The mutations were familiar, but the patients’ conditions seemed baffling at first. A team lead by Rockefeller University researchers had linked variations in an immune gene to rare bacterial infections. Shortly afterward, Chinese scientists told them of three children in that country with mutated versions of the same gene. However, the Chinese children had no history of the severe bacterial infections. Instead, they had seizures and unusual calcium deposits deep in their brains.
This discrepancy led to the discovery of an immune protein with paradoxical roles: It both aids and tamps down aspects of an immune system response, according to research conducted in Jean-Laurent Casanova’s St. Giles Laboratory of Human Genetics of Infectious Diseases at Rockefeller in collaboration with scientists in China and elsewhere. The team’s report was published today (October 12) in Nature.
“It has turned out that mutations in a single gene eliminate the immune protein ISG15, giving rise to two different problems: an inability to resolve harmful inflammation, which can lead to autoimmune disease, and susceptibility to infections caused by the tuberculosis bacterium and its cousins,” Casanova says. “By identifying the source of this genetic disorder, we have taken a first step toward finding treatments for those facing the autoimmune disease and severe TB-related infections it may produce.”

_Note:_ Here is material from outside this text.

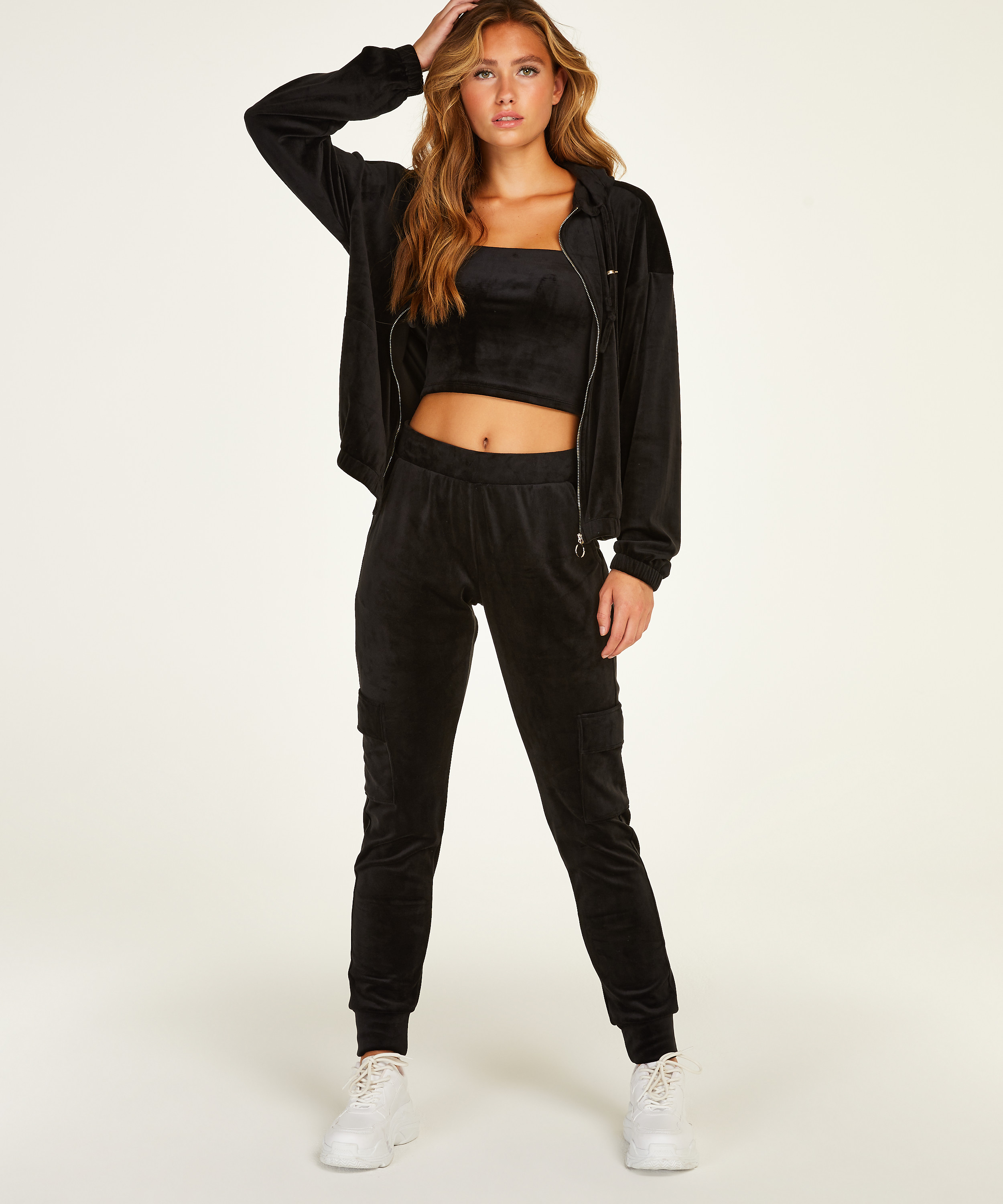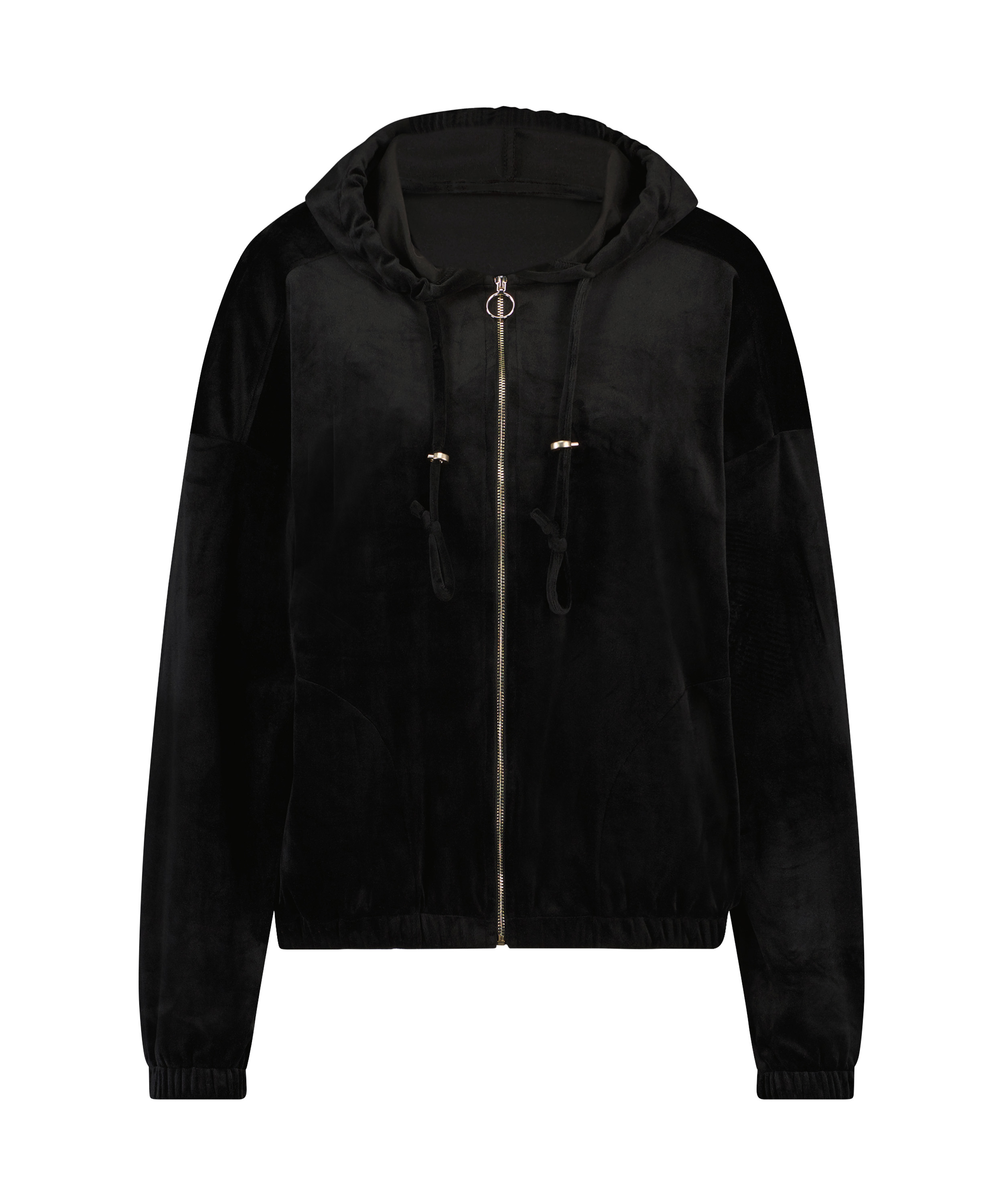 Nyd denne jakke med hætte! Denne jakke består af et blødt stof og har lynlås foran. Der er lommer i begge sider. Kombiner med matchende bukser og få en fantastisk behagelig følelse.

When under attack, the immune system releases signaling proteins known as interferons, which further activate the body’s defenses. In previous research, Dusan Bogunovic, a former postdoc in the lab now an Assistant Professor at the Department of Microbiology at Icahn School of Medicine at Mount Sinai, linked a lack of ISG15 to an unusual vulnerability to infections by mycobacteria, a group of common bacteria that include the TB bug. He and colleagues found three children, one from Turkey, two from Iran, who became severely ill after receiving the anti-tuberculosis BCG vaccine. Normally, ISG15 protects against infection by mycobacteria by prompting the release of type 2 interferon, but all three children had two copies of a defective form of the ISG15 gene, and became infected by a TB-related component of the vaccine.
After this discovery, ISG15’s story continued to unfold. Bogunovic and his colleagues reported this link, and then scientists in China reached out saying they had also seen loss-of-function mutations in three patients, all from a single family. But none of these three had had unexplained mycobacterial infections, such as those caused by the vaccine.
“We asked, why were they patients?” Bogunovic recalls. “Our Chinese colleagues said these kids had seizures; in fact, one child had died from them. When we looked into their BCG vaccination history, we found these children, who were born at home in a remote village, never received their shots, so they never became sick. Next we looked back at our first set of patients. None of them had ever had seizures, but we performed brain scans that found abnormal calcium deposits in a deep part of the brain involved in controlling movement — just like the deposits in brains of the Chinese children.”
The researchers recognized the calcium deposits as a feature of a group of autoinflammatory diseases, including the neurodevelopmental disorder Aicardi-Goutieres syndrome. These are thought to occur when type 1 interferon, which normally helps fight viral infections, runs amok, triggering harmful and unnecessary inflammation, leading to disease. When Bogunovic and his colleagues then looked for evidence something similar was happening to the six patients, they found unusually high expression of genes stimulated by type 1 interferon.
Using cells from the patients, the researchers found that when they restored the ISG15 gene, the cells became able to resolve the inflammation. Further experiments performed in collaboration with Sandra Pellegrini at the Pasteur Institute in Paris, France, revealed the mechanics that linked a lack of ISG15 with an increase in type 1 interferon signaling: Under normal conditions, ISG15 prevents the degradation of another protein, USP18, which is responsible for turning down the dial on type 1 interferon. With no ISG15, and as a result, little USP18, interferon becomes too active.
The six children all showed elevated levels of autoantibodies, immune proteins that mistakenly attack the body itself, suggesting that in time they will likely develop autoimmune disease. “However, with this knowledge, we hope they can monitor and properly treat this condition, just as they know now to avoid the BCG vaccine and other possible sources of mycobacterial infection,” Bogunovic says. “Ultimately, ISG15 deficits may be included in genetic screening tests for infants to make early detection widely available. No treatments exist for many autoimmune disorders, but our work advances our understanding of them, and, as a result, the prospects for finding cures.”